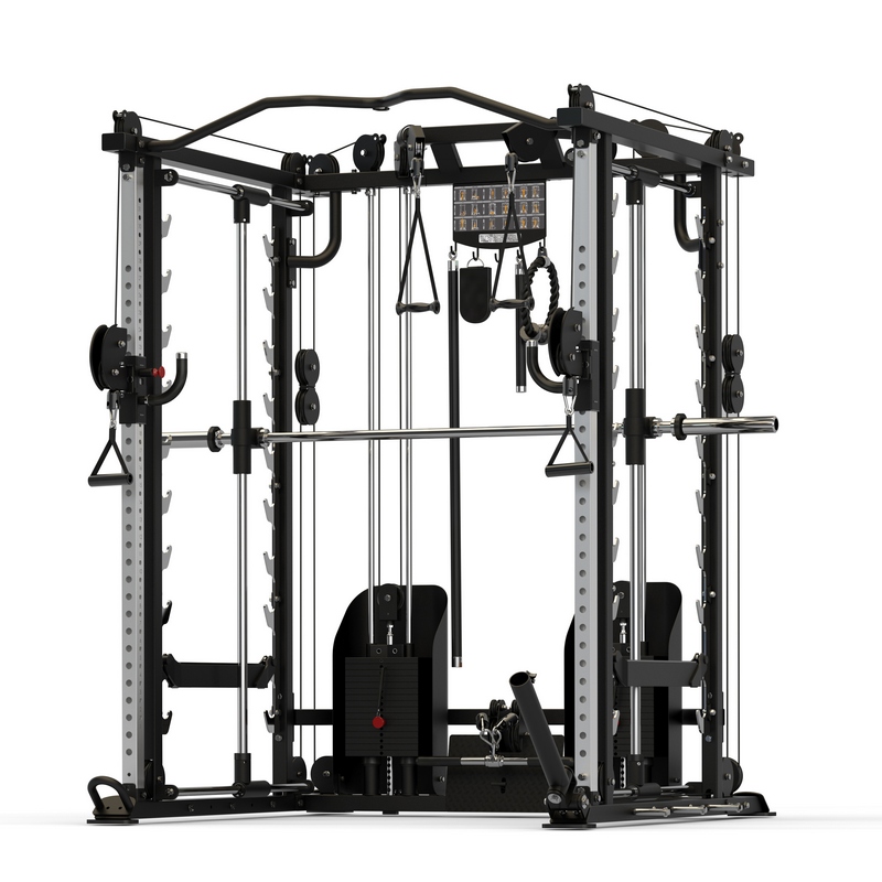 - Dotazioni 2-IN-1 dual pulley, 3D smith machine. Lat pulldown/ seated rowing/chin-up bar.
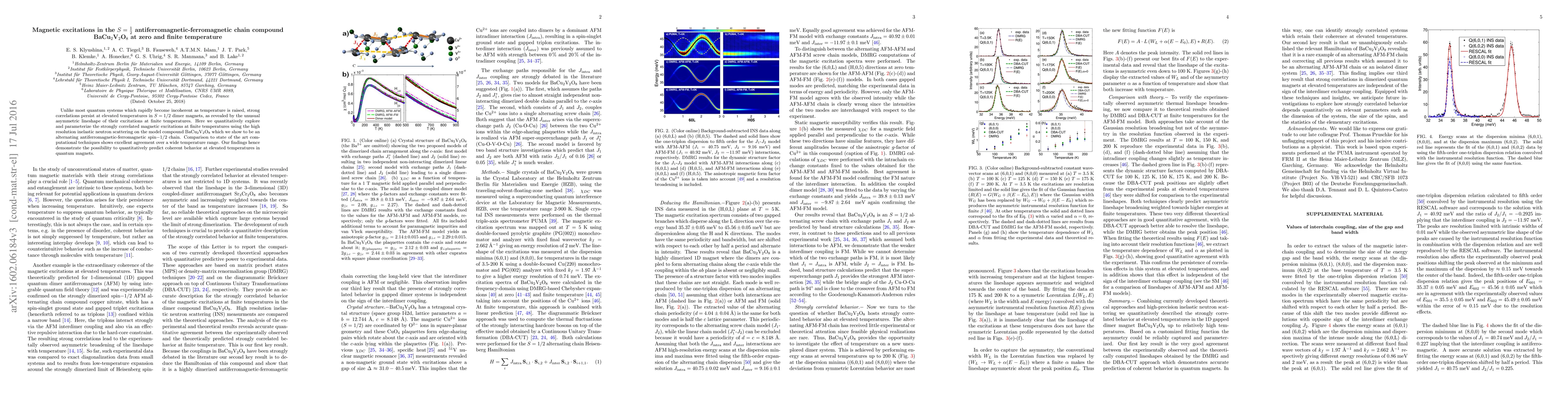 Unlike most quantum systems which rapidly become incoherent as temperature is raised, strong correlations persist at elevated temperatures in $S=1/2$ dimer magnets, as revealed by the unusual asymmetric lineshape of their excitations at finite temperatures. Here we quantitatively explore and parameterize the strongly correlated magnetic excitations at finite temperatures using the high resolution inelastic neutron scattering on the model compound BaCu$_2$V$_2$O$_8$ which we show to be an alternating antiferromagnetic-ferromagnetic spin$-1/2$ chain. Comparison to state of the art computational techniques shows excellent agreement over a wide temperature range. Our findings hence demonstrate the possibility to quantitatively predict coherent behavior at elevated temperatures in quantum magnets.
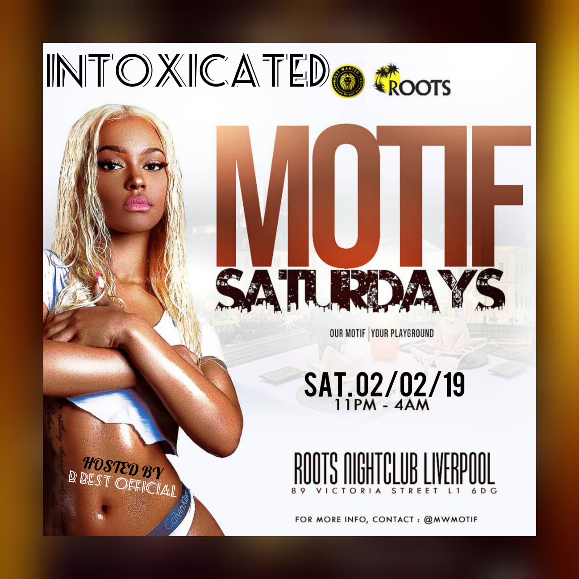 MOTIF #Liverpool Hosted: B Best SOMETHING NEW & DIFFERENT "MOTIF" INTOXICATED 02/02/19 ▫▪>>♚ #Motif | Sat 2ND January 2019 @ ******Roots Liverpool***** 89 Victoria St L1 6D...
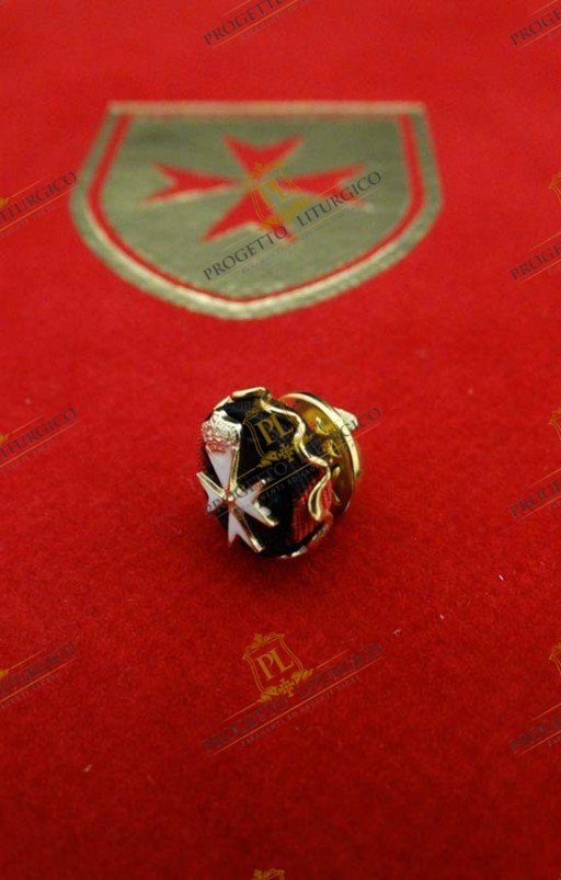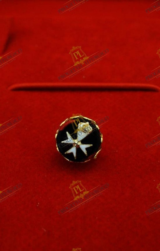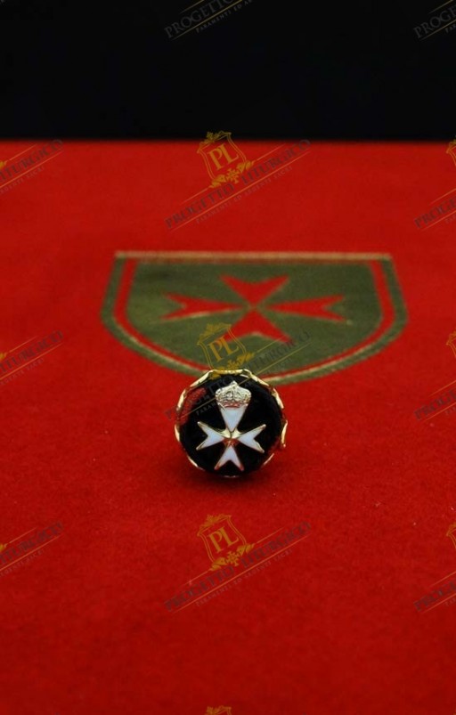 The rosette for the Knight Grand Cross of Magistral Grace with Sash of Order of Malta is composed by the octagonal cross surmounted by the Crown in the centre of a black silk rosette with red edgings surrounded by a gilded, metallic, corksrewtrimming.
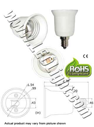 Converts E27 male edison screw base to E12 female candelabra base. Rated 2200 watts. Saves money using a converter adapter than to replace the whole fixture.
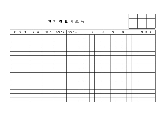 장표명, 목적, 사이즈, 발행빈도, 발행건수, 표시항목으로 구성된 관리장표체크표입니다.
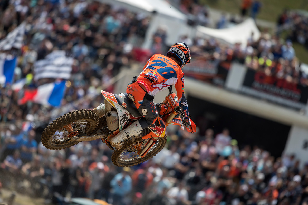 Il aura suffit de 7 GP pour que Tom Vialle, 18 ans, parvienne à convaincre les pontes du service sport de KTM, et notamment Robert Jonas, vice-président de la division Off-Road, de son potentiel. La preuve, le grand patron des Oranges a annoncé hier qu’il prolongeait le contrat de l’Avignonnais au sein du team officiel MX2 jusqu’en 2021. Le podium du tricolore dès le troisième GP de la saison en Angleterre, sa faculté à partir devant, sa maturité, sa gentillesse, son osmose avec le staff du team, Joël Smets en particulier, et son énorme potentiel capable de l’emmener jusqu’au titre mondial ont décidé le staff KT qu’il ne fallait pas trop attendre à le sécuriser pour éviter de se le faire débaucher par un team concurrent… Bref, Tom possèdera le pack « réussite » pendant encore deux ans, minimum, ce qui est un confort de travail inestimable.
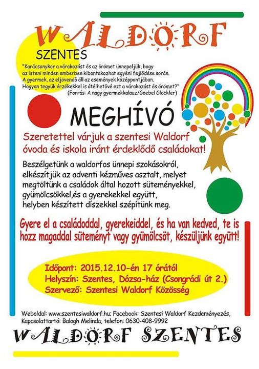 A Szentesi Waldorf kezdeményezés 2015. december 10-én 17-órától újra szeretettel várja azon, – elsősorban 2-6 éves – gyermekek szüleit, akik az állami oktatáshoz képest markánsan eltérő elvek alapján szerveződő Waldorf óvodában vagy iskolában képzelik el utódaik jövőjét.
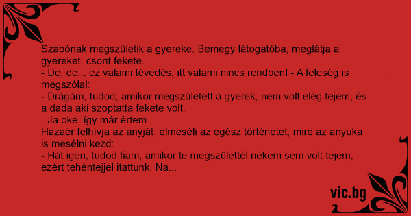 - Drágám, tudod, amikor megszületett a gyerek, nem volt elég tejem, és a dada aki szoptatta fekete volt.

WHAT TO WORK ON =>
Exactly reproduce each record, leaving out any pictures.

RESULT OF THIS EXERCISE =>
 - Dotazioni 2-IN-1 dual pulley, 3D smith machine. Lat pulldown/ seated rowing/chin-up bar.
 Unlike most quantum systems which rapidly become incoherent as temperature is raised, strong correlations persist at elevated temperatures in $S=1/2$ dimer magnets, as revealed by the unusual asymmetric lineshape of their excitations at finite temperatures. Here we quantitatively explore and parameterize the strongly correlated magnetic excitations at finite temperatures using the high resolution inelastic neutron scattering on the model compound BaCu$_2$V$_2$O$_8$ which we show to be an alternating antiferromagnetic-ferromagnetic spin$-1/2$ chain. Comparison to state of the art computational techniques shows excellent agreement over a wide temperature range. Our findings hence demonstrate the possibility to quantitatively predict coherent behavior at elevated temperatures in quantum magnets.
 MOTIF #Liverpool Hosted: B Best SOMETHING NEW & DIFFERENT "MOTIF" INTOXICATED 02/02/19 ▫▪>>♚ #Motif | Sat 2ND January 2019 @ ******Roots Liverpool***** 89 Victoria St L1 6D...
 The rosette for the Knight Grand Cross of Magistral Grace with Sash of Order of Malta is composed by the octagonal cross surmounted by the Crown in the centre of a black silk rosette with red edgings surrounded by a gilded, metallic, corksrewtrimming.
 Converts E27 male edison screw base to E12 female candelabra base. Rated 2200 watts. Saves money using a converter adapter than to replace the whole fixture.
 장표명, 목적, 사이즈, 발행빈도, 발행건수, 표시항목으로 구성된 관리장표체크표입니다.
 Il aura suffit de 7 GP pour que Tom Vialle, 18 ans, parvienne à convaincre les pontes du service sport de KTM, et notamment Robert Jonas, vice-président de la division Off-Road, de son potentiel. La preuve, le grand patron des Oranges a annoncé hier qu’il prolongeait le contrat de l’Avignonnais au sein du team officiel MX2 jusqu’en 2021. Le podium du tricolore dès le troisième GP de la saison en Angleterre, sa faculté à partir devant, sa maturité, sa gentillesse, son osmose avec le staff du team, Joël Smets en particulier, et son énorme potentiel capable de l’emmener jusqu’au titre mondial ont décidé le staff KT qu’il ne fallait pas trop attendre à le sécuriser pour éviter de se le faire débaucher par un team concurrent… Bref, Tom possèdera le pack « réussite » pendant encore deux ans, minimum, ce qui est un confort de travail inestimable.
 A Szentesi Waldorf kezdeményezés 2015. december 10-én 17-órától újra szeretettel várja azon, – elsősorban 2-6 éves – gyermekek szüleit, akik az állami oktatáshoz képest markánsan eltérő elvek alapján szerveződő Waldorf óvodában vagy iskolában képzelik el utódaik jövőjét.
 - Drágám, tudod, amikor megszületett a gyerek, nem volt elég tejem, és a dada aki szoptatta fekete volt.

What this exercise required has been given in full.